▸ WORK TASK
Print every line from the start of the data, and when you reach the line with "資料には「2028年に向けて", include it and stop. Pictures are not part of the copy.

▸ COLLECTED DATA
•••

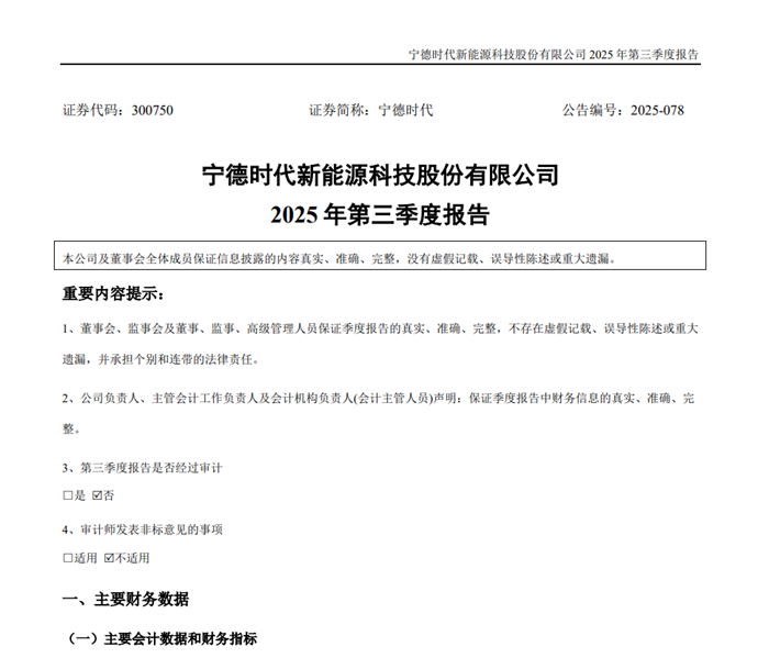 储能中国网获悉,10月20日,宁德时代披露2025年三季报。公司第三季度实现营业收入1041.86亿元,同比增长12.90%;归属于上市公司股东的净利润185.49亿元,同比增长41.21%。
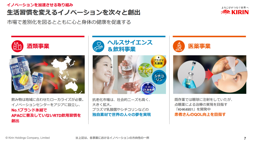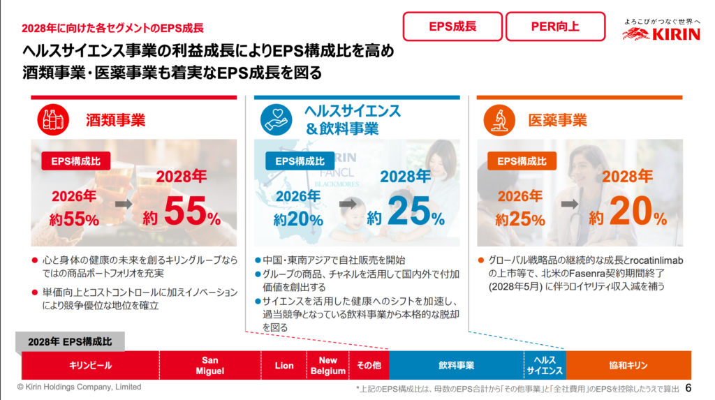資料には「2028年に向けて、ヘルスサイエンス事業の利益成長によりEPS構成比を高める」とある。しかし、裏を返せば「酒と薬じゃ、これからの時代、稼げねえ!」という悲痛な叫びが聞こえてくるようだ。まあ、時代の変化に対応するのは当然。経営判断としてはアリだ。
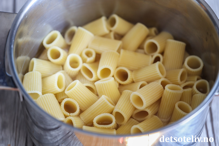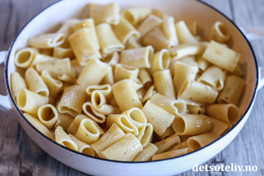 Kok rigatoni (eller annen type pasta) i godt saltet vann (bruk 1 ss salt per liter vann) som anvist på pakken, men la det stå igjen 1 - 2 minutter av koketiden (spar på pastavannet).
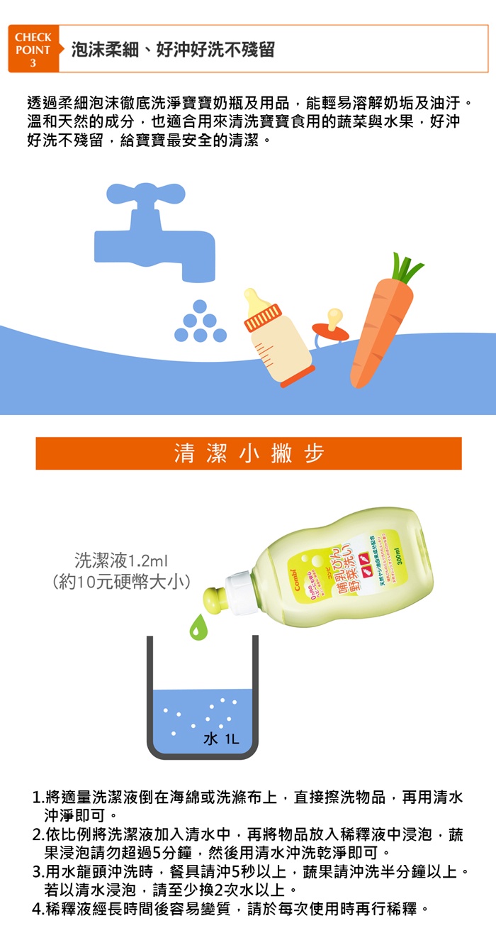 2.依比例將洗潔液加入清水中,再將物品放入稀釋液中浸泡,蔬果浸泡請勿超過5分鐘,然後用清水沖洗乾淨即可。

•••

▸ EXERCISE RESPONSE
 储能中国网获悉,10月20日,宁德时代披露2025年三季报。公司第三季度实现营业收入1041.86亿元,同比增长12.90%;归属于上市公司股东的净利润185.49亿元,同比增长41.21%。
資料には「2028年に向けて、ヘルスサイエンス事業の利益成長によりEPS構成比を高める」とある。しかし、裏を返せば「酒と薬じゃ、これからの時代、稼げねえ!」という悲痛な叫びが聞こえてくるようだ。まあ、時代の変化に対応するのは当然。経営判断としてはアリだ。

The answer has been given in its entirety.